Ecoutez cette histoire que l'on m'a rapportée.

Il était une fois, il y a fort longtemps, un jeune et bel âne noir à la tête puissante, à l'encolure haute et bien dessinée, au dos large et arrondi, profilé comme le col Mitja, à la jambe nerveuse et galbée. Ses sabots étaient fait d'une corne si fine que même un coutelier de Sahorre n'eût pu en tirer un seul manche de couteau. Un "ruc" catalan de la race "guarrà". De ces ânes indépendants, fiers, épris de liberté, qui n'obéissent pas mais consentent parfois à écouter.

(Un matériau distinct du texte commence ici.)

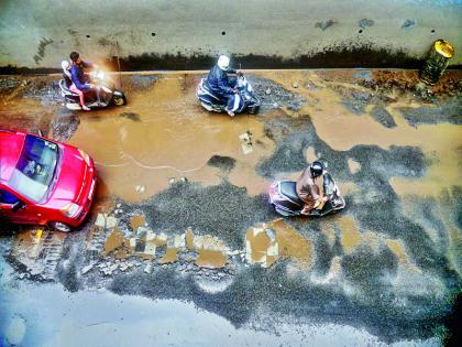 शहरामध्ये गेल्या आठ-दहा दिवसांपासून संततधार पाऊस पडत आहे. शहरामध्ये पडलेल्या या पहिल्याच पावसामध्ये बहुतेक सर्व रस्त्यांवर मोठ्या प्रमाणात खड्डे पडले आहेत.

Hors donc, lassé, ennuyé par un hiver sans histoire et désireux de poser ses sabots hors des sentiers battus, notre "ase" prétexta le besoin de revoir un vieux bardot au lignage incertain mais assurément cousin, demeurant en Cerdagne. C'était au mois de juin, moment de transhumance. Longeant les rives sablonneuses d'une Têt en furie, gonflée d'une eau de fonte des glaciers du Carlit, il fit un brin de conduite à des brebis cossardes engourdies par l'hiver, venant du Ribéral et se rendant à l'estive. Il les quitta d'un coup à l'approche de Prats-Balaguer, leur compagnie devenant trop bruyante et leur discours ennuyeux. Durant trois mois d'été, il s'étourdit de sons, d'odeurs et de parfums. De la gentiane jaune aux saveurs enivrantes aux lourds rhododendrons roses ou violacés, des grands lupins palmés aux fleurs en grappes pourpres aux mauves œillets sauvages fragiles et dentelés, notre burró en congé, ne savait que goûter. Il ne s'épargna rien, ne se refusant rien, pas même des calins. Des âmes bien pensantes, des personnes de bien dont je tairai le nom par charité chrétienne, racontèrent un jour, au marché de Puigcerda, qu'on trouverait bientôt, du côté de Nuria, quelques jeunes ânons ressemblant trait pour trait à notre âne madré. Les journées se suivaient insouciantes, grisantes, sucrées. Puis les nuits s'allongèrent. Le soleil brûlait moins et ne l'obligeait plus au moment de midi à plisser ses paupières pour regarder au loin la serra de Cady. Il ne se baignait plus dans les eaux du Carol et ne s'allongeait plus à l'ombre des mélèzes. Un vent aigre et pluvieux, venant du Campcardos, lui signifia un soir que l'heure du retour ne saurait plus tarder. Dans un dernier "hi hin" ( l'âne de guarrà a l'accent catalan ), poussé du col Rigat il indiqua à tous son intention de reprendre enfin le chemin de la plaine, pas fâché de retrouver bientôt sa litière de ciste et de genêt ainsi que l'ombre des oliviers.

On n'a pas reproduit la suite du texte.